◆ **PROBLEM REQUIREMENTS**: Take every line from the entries below that includes the word "Mistra" and copy it.

*** DATA SHOWN ***

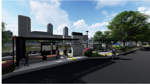
Figure 2. Shelter Plan (A)

River transportation on the Cisadane River (Cisadane Waterway) is planned to be on the Cisadane River flow path in Tangerang City along +/- 11 km from the upstream river at the border of Kota Tangerang and Kota Tangerang Selatan downstream at the Pasar Baru Dam. There are 6 shelters planned with the initial operation of 5 boats.
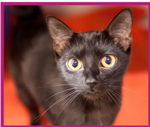
Mistra is a year and a half year old female

Mistra is a young cat who is lucky to have been found as a stray and brought to our good friends at the Wake Country Adoption Center. They told us about her and we were delighted to bring her to SAFE Haven. The most striking thing about Mistra is her huge gold eyes, large ears and sleek, shiny fur. She has the longest legs and tiny feet. If she had her DNA done we are sure there would be some Siamese in her lineage.
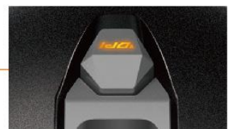
ON-THE-FLY DPI ADJUSTMENT

Allows the user to quickly switch between different DPI settings on the go.
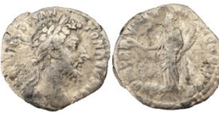
242 Commodus AR Denarius, 177-192 AD - 2.3g, 18mm
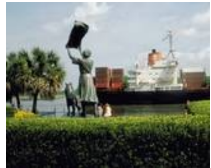
The "Waving Girl"

The Georgia Association of Historians will gather at the De Soto Hilton in Savannah on February 25-26, where about fifty papers or roundtables will be offered under the general theme: CONFLICT, COMMEMORATION, AND CONSERVATION: Explorations across Time and Place. Those who arrive on Thursday night are invited to an event at the one of Savannah's premier historic houses, the Davenport House. The program will present conversations between local (hypothetical) residents about real events and protocols in the 1820s, the time period interpreted at the Davenport. It is sponsored by the Friends of the Davenport House.

***

◆ **TASK SOLUTION**:
Mistra is a year and a half year old female
Mistra is a young cat who is lucky to have been found as a stray and brought to our good friends at the Wake Country Adoption Center. They told us about her and we were delighted to bring her to SAFE Haven. The most striking thing about Mistra is her huge gold eyes, large ears and sleek, shiny fur. She has the longest legs and tiny feet. If she had her DNA done we are sure there would be some Siamese in her lineage.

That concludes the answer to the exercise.